◆ Information provided:
►

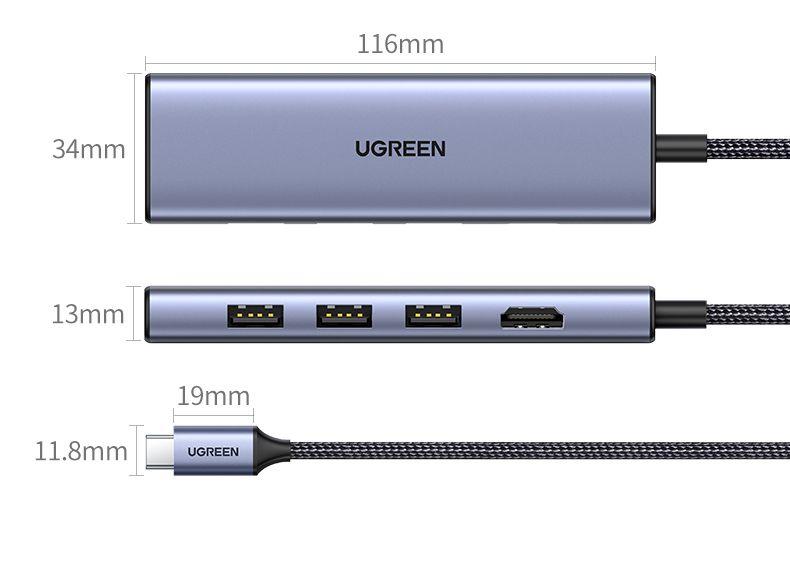1. Hãng : Ugreen 2. Mã sản phẩm : 70495 – CM136 3. Màu : Xám 4. UGREEN Loại C Thunderbolt 3 được thiết kế với một cổng HDMI 4k ở 30Hz, 3 cổng USB
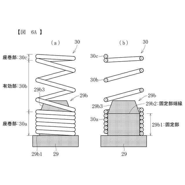 ここで、圧縮コイルばね30の有効部30b(の下端部)が固定部29b1に重なると、図13B(a)⇒(b)のように、有効部30bが固定部29b1を越えた箇所で巻線の傾斜の影響が出る。すなわち、固定部29b1を越えた箇所でモーメントMが発生し、このモーメントMによってばね荷重Pの方向が傾斜したまま圧縮コイルばね30を誤組付けしてしまう場合がある。
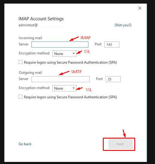 Ở đây chúng tôi đang chọn theo hình thức IMAP và Nhập thông tin máy chủ

◄

◆ Aim of the task:
Each line from the one that holds "ここで、圧縮コイルばね30の" through the final line of the data must be retyped exactly; the pictures must not appear.

◆ Your response:
 ここで、圧縮コイルばね30の有効部30b(の下端部)が固定部29b1に重なると、図13B(a)⇒(b)のように、有効部30bが固定部29b1を越えた箇所で巻線の傾斜の影響が出る。すなわち、固定部29b1を越えた箇所でモーメントMが発生し、このモーメントMによってばね荷重Pの方向が傾斜したまま圧縮コイルばね30を誤組付けしてしまう場合がある。
 Ở đây chúng tôi đang chọn theo hình thức IMAP và Nhập thông tin máy chủ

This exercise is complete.